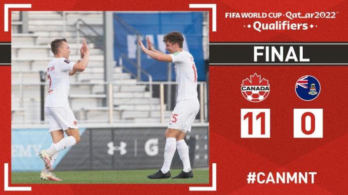 加拿大整场比赛踢得相当顺风,上半场就6-0领先对手,下半场他们再进5球,最终11-0大胜开曼群岛。
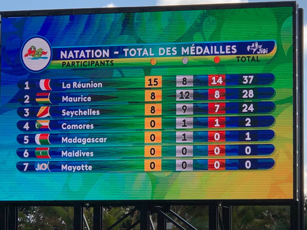 La natation est la discipline qui a rapporté le plus de médailles à la délégation réunionnaise depuis le début de ces jeux des îles 2019. Les nageurs péi devancent largement les nageurs des six autres îles, regardez:
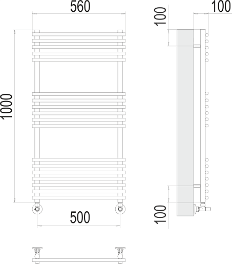 Комплектация: полотенцесушитель, вентиль 3/4x1/2 ГШ (2 шт.), эксцентрик 3/4x1/2 (2 шт.), отражатель 3/4 (2 шт.), крепеж.
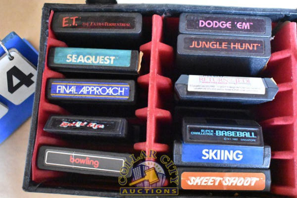 #224 – Lot of various, mostly Atari Video Computer System Games including Asteroids, Skeet Shoot, Sea Quest, Bowling, Etc. Also includes Parker Brothers Games including Star Wars Return of the Jedi, Death Star Battle. All games are in a case. (We do not guarantee the working condition or completeness of any of these items.)
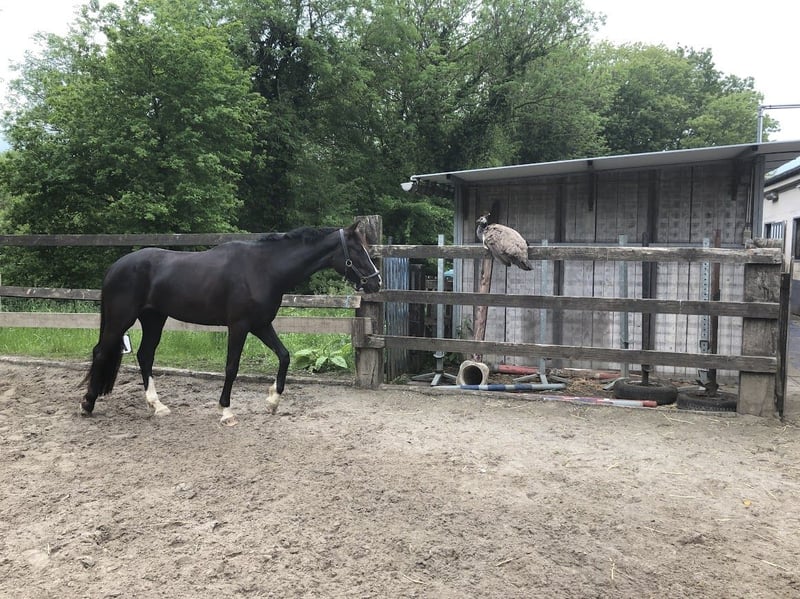 Schöne Fuchsstute mit hervorragender Abstammung. Beherrscht die Übungen bis Z, wurde jährlich für den nationalen Championat (LRV + junge Pferde) ausgewählt. Besonders hervorgehoben wurde sie durch ihr Gleichgewicht und ihre Veranlagung zum Sammeln. Mit 3 Jahren vollständig röntgenologisch untersucht und klinisch ohne Befund. Zudem verfügt sie über ein OCD-Gutachten. Sie ist absolut nicht schreckhaft, macht gerne Spong, Spaziergänge in der Gruppe und alleine, auch durch Wasser etc. Einfach im Umgang und sehr menschenbezogen. Steht bei uns in der Herde draußen. Aufgrund eines Weideunfalls (Sturz) kann sie nicht mehr geritten werden. Während der Rehabilitation arbeitete sie 6 Monate lang an der Longe (auch mit Schleppe) im Kutschfahrzeug ohne Probleme. Sie kennt alle Dressurübungen an der Longe und in der Hand. Derzeit ist sie voll belegt (war beim ersten Mal schnell ausgebucht), das Fohlen bleibt bei uns. Die Stute kann nach Absetzen abgegeben werden. Sie kann bei uns erneut gedeckt werden. Verkauft wegen Überzahl. Nur an eine gute, artgerechte Heimat, kein Händler.
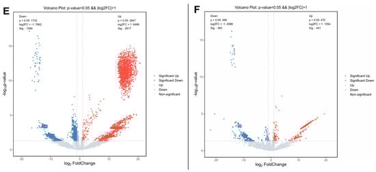 Total messenger RNA (mRNA) was extracted from the propolis-treated or control HepG2 cells. Total RNA samples with an RNA integrity number (RIN) > 7.0 and a 28S:18S ratio ≥ 1.5, which were used for subsequent library preparation and sequencing, were obtained from CapitalBio Technology (Beijing, China). High-throughput RNA sequencing (RNA-seq) was performed using the Illumina NovaSeq sequencer (Illumina, San Diego, CA). Sequencing quality was assessed using FastQC (v0.11.9) (https://www.bioinformatics.babraham.ac.uk/projects/fastqc/, accessed on 26 October 2020) to filter out low-quality data. Clean reads were then compared to the reference genome using Bowtie2 []. Using HISAT2 (v2.1.0) software, the processed reads from each sample were aligned to the public reference genome. Transcript abundances were measured as fragments per kilobase of transcript per million fragments mapped (FPKM) using HTSeq []. The DESeq2 package was used to analyze the differentially expressed genes (DEGs) between groups. The differential gene screening criterion was: |log2FC| ≥ 1 (FC: multiple of differential expression). Bioinformatics analysis was subsequently performed using oebiotech (https://cloud.oebiotech.cn/, accessed on 29 May 2023). A p-value of 0.05 was chosen as the cut-off criterion.
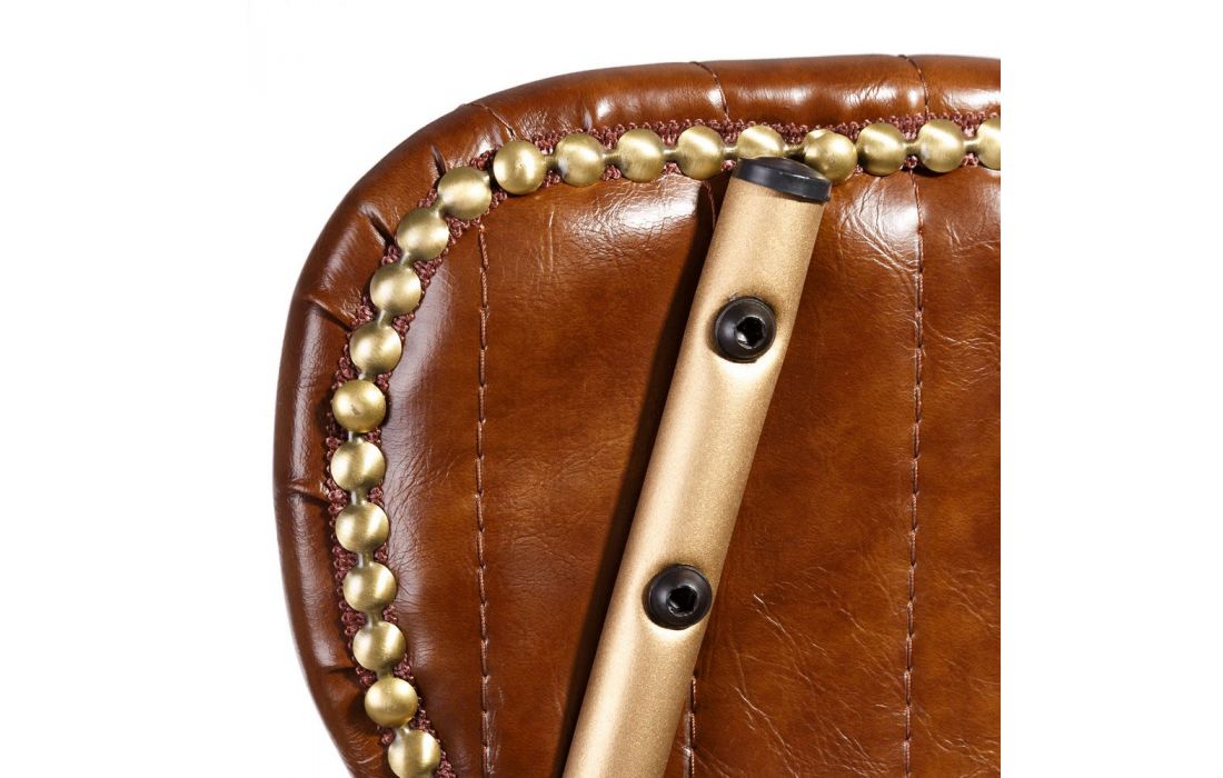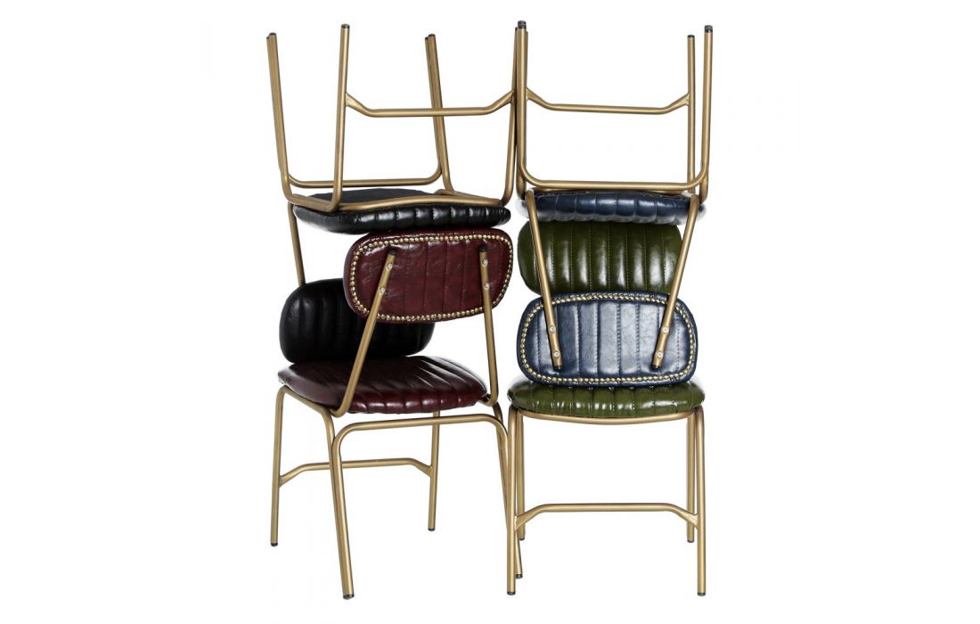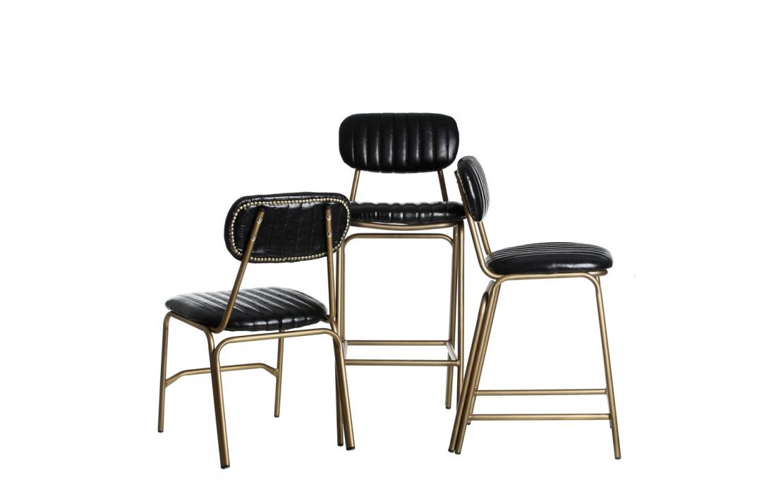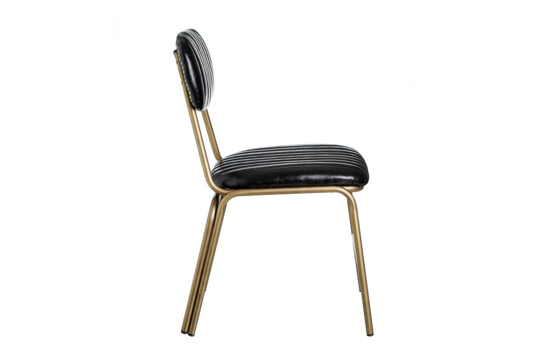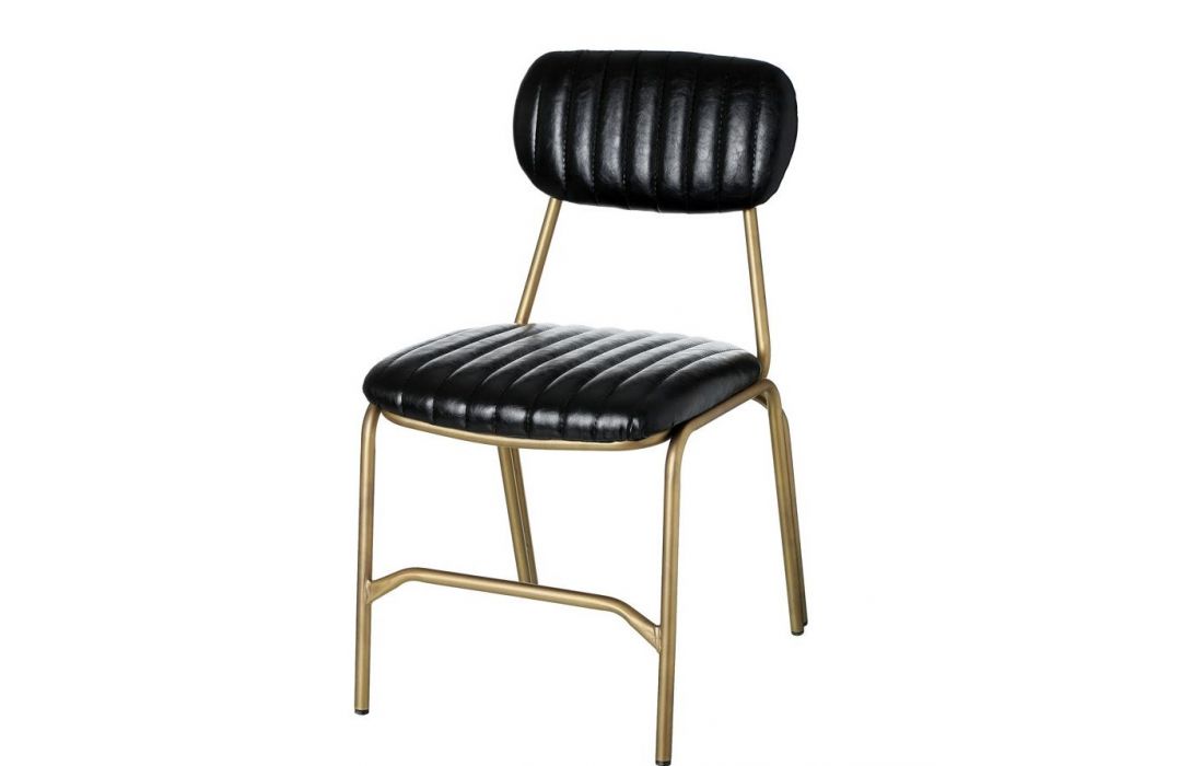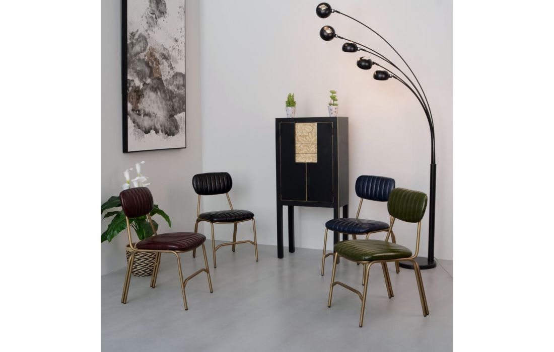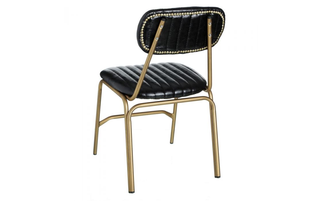 Chair with upholstered in synthetic leather with 2 colors available, brown and black with metal feet in golden color.

════════════════════

## WHAT TO DO
Extract, word for word, each line from the top of the data down to and including the line with "La natation est"; skip the pictures.

## ANSWER TO THIS TASK
 加拿大整场比赛踢得相当顺风,上半场就6-0领先对手,下半场他们再进5球,最终11-0大胜开曼群岛。
 La natation est la discipline qui a rapporté le plus de médailles à la délégation réunionnaise depuis le début de ces jeux des îles 2019. Les nageurs péi devancent largement les nageurs des six autres îles, regardez:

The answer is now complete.